The speculation grew earlier this year when Piper extracted $32 million in incentives and concessions, payable over three years, from the state of Florida and Indian River County to keep PiperJet production in Vero Beach. The payout coincides with the remainder of the PiperJet’s development program, which, according to Bass, projects certification in the second quarter of 2011 with deliveries beginning in that year’s fourth quarter.

American Capital acquired the majority of Piper by assuming $57 million of senior debt discounted to $34 million in 2003. One year later a pair of hurricanes severely damaged 300,000 sq ft of the companies’ production space at Vero Beach. The company was literally in tatters, and customer service and support sank to bottom-of-class levels.
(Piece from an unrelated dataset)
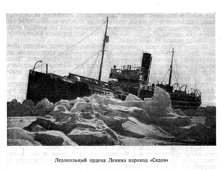 По радио с мостика передают сообщение: “Сейчас “Георгия Седова” ведет Герой Советского Союза К. С. Бадигин”.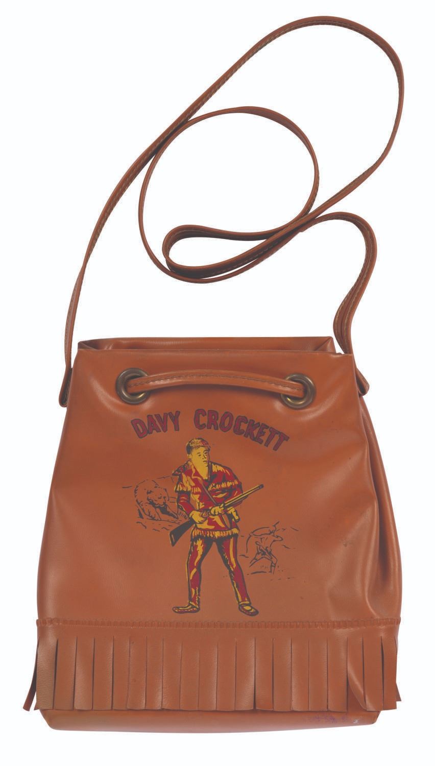 (1950s) A Davy Crockett vinyl satchel featuring an image with name of Davy Crockett, produced in the 1950s. Measuring 6" x 6" with vinyl strap, the purse is in fine unused condition.

Owners of Piper turbine aircraft were particularly alienated.
However, since 2005 Piper’s customer service has shown consistent improvement, according to the annual product support survey published yearly in NBAA Convention News sister publication Aviation International News. “We were down and out five years ago,” Bass admitted.
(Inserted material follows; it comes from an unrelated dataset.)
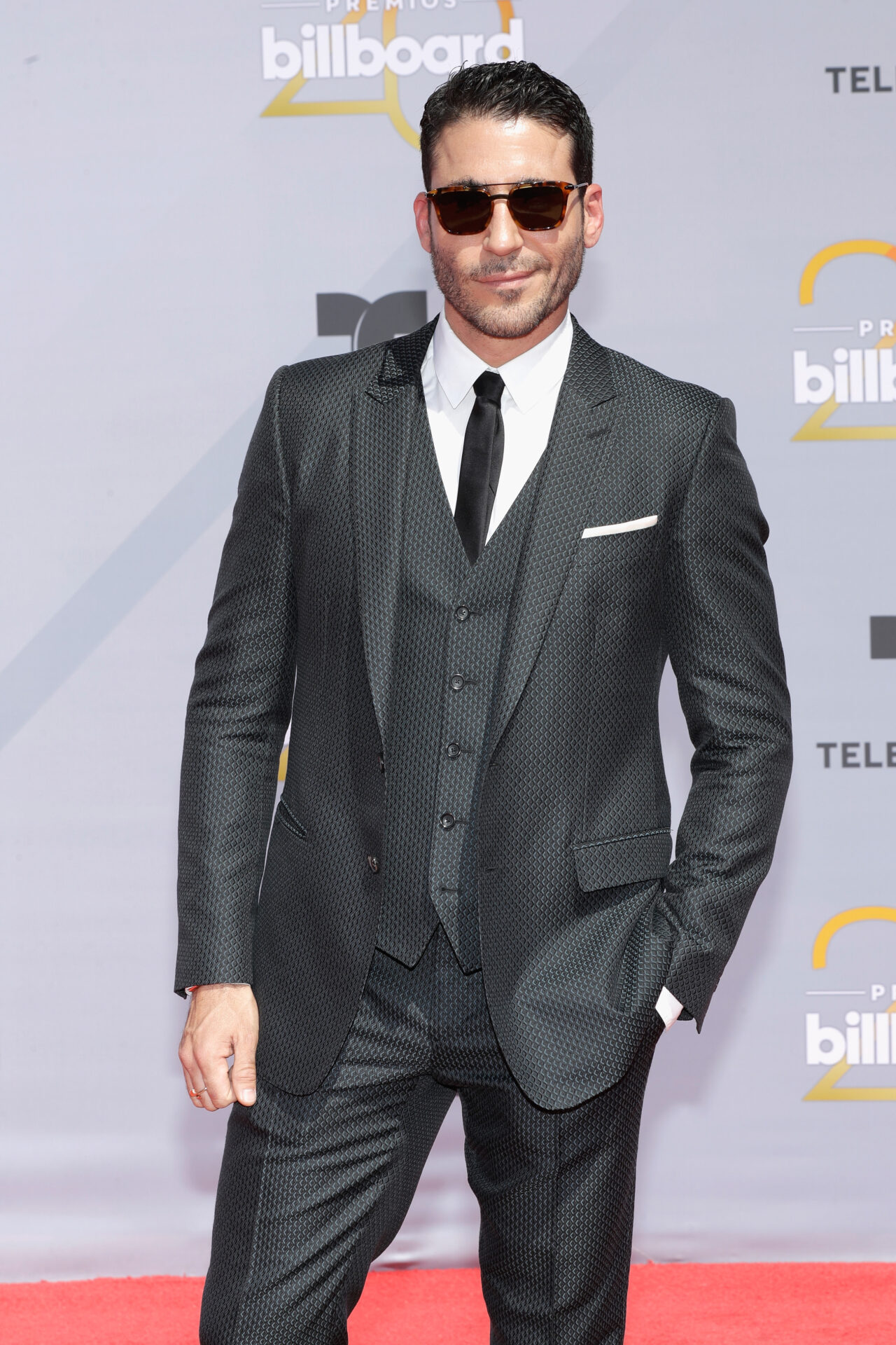Muy elegante con su traje gris de Dsquared2 y sin corbata o pajarita, el boricua posó ante los flashes con este nuevo look con bigote.

Bass, a veteran senior management executive at both General Electric and Sony, was part of a new management team that came to Piper in the wake of American Capital’s acquisition. “We focused internally on changing the way we make money,” he said.

Compared to companies such as Cessna and Cirrus, Piper is a low-volume producer, and continuing to aggressively push a low-output, but a diverse product line was a recipe for more financial stress. While Piper did not abandon those smaller airplanes, its new managers immediately looked to further leverage its family of piston and turboprop cabin-class singles built around the PA46 fuselage. The strategy maximized production efficiencies and revenues.
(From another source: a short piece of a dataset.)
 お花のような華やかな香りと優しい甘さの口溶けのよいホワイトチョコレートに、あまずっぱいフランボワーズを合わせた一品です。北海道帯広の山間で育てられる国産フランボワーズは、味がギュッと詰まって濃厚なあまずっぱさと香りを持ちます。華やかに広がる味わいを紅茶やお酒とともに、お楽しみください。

This year Piper is on track to sell almost $200 million worth of new aircraft, with the bulk of revenues coming from the PA46 family; the $757,000 Matrix; the $1.2 million Malibu Mirage; and the $1.97 million Meridian turboprop. Piper’s total 2008 revenues will close to double those of the company just five years ago.

“Piper is producing 263 aircraft this year and 200 of those are PA46 series,” Bass said, adding that projected 2008 production calls for 101 Matrix piston singles, 21 Mirages and 53 Meridians. He added that production plans for next year include 100 Matrix, 25 Mirage and 63 Meridian airplanes.

Piper is also looking to capitalize on Diamond Aircraft’s ongoing engine problems with its Thielert diesel twin-engine trainer, the DA-42. The -42 displaced the $558,000 Piper Seminole as the preferred twin trainer at larger flight schools, but the -42’s fuel-efficient engines have been prone to failure and their German manufacturer was recently forced into liquidation.

“The Seminole had faded away,” said Bass. “We were selling 24 a year to flight schools. The DA-42 Twinstar had kicked our buttocks. Now customers and schools are coming back to the Seminole and we are happy to have them.” He predicted Piper might sell between 50 and 100 Seminoles next year.

While increased Seminole production represents a potentially important boost to Piper’s bottom line, Bass acknowledged that keeping the PA46 line fresh and relevant over the next three years, until the PiperJet starts rolling down the production line, will be critical to the company’s ongoing success. “I have a three- year river I need to cross between now and the PiperJet,” Bass said. “We are going to be announcing enhanced capabilities in the base business, the PA46 line.”  

Bass also said that Piper would rebid its training contract for the entire Piper line, including the PiperJet. “Right now we train all our customers through SimCom. It is a five-day course and SimCom does a good job. But we expect a full-motion simulator and a type rating for that [PiperJet] level of sophistication from our next provider,” Bass said. “It could be SimCom. It could be anyone.”